Made by Me

Jason A. Heppler

Made by Me

Generative AI shows potential as a tool for synthesis and analysis in history, but we should remain skeptical about its utility and ethical implications.

While the moral, legal, environmental, and ethical questions of generative AI continue to swirl and likely will for some time, I think we’re at a point where the tool’s utility is becoming clearer. I remain deeply skeptical—perhaps even a curmudgeon—about some of big tech’s promises (it’s already proven itself incorrect to the point of being deadly), but I’m still trying to understand the issue to hold a well-informed opinion. This is an attempt to consider its application beyond what Big Tech marketers have attempted to convince us.

Let’s start with where they start. Generative AI¹ needs massive training sets that represent the kinds of things it’s asked to represent. Through the process of training, the AI learns the patterns in the data and can generate new data that fits within those patterns.
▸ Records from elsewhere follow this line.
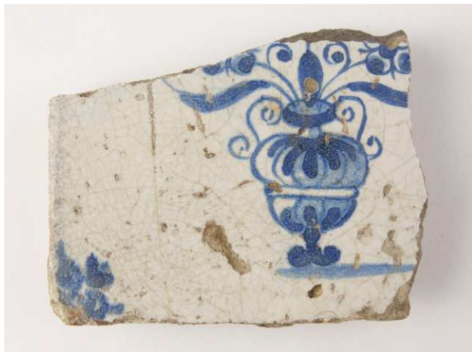
Afb. 8. Fragment van een tegel uit de 17e eeuw.

Er is slechts één glasfragment gevonden en wel een flesbodem met een ziel.
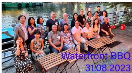
Waterfront BBQ 31.08.2023
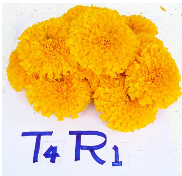
ภาพผนวกที่ 44,45,46,47 ความแตกต่างการออกดอก รุ่น1

It’s statistics all the way down. In the case of a Large Language Model (LLM) it’s always asking itself, “what’s the next most likely word to come after this previous word, and does that next word make sense within the context of the other words in the sentence?” The LLMs don’t necessarily understand a text as a text; that is, as a sequence of ideas unfolding logically but rather as a set of tokens that carry statistical weights. Generative AI attempts to compute all tokens in a sentence at the same time (what’s referred to as a transformer and a concept of self-attention). This is a simplification, but that’s the basic idea. OpenAI’s ChatGPT demonstrated the first real buzz about the novelty of generative text, followed now by Google’s LaMDA, Microsoft’s DialoGPT, and others. We don’t exactly know the datasets these LLMs are trained on, but we can assume a mixture of websites, digitized books, and other sources of text that may or may not be under copyright.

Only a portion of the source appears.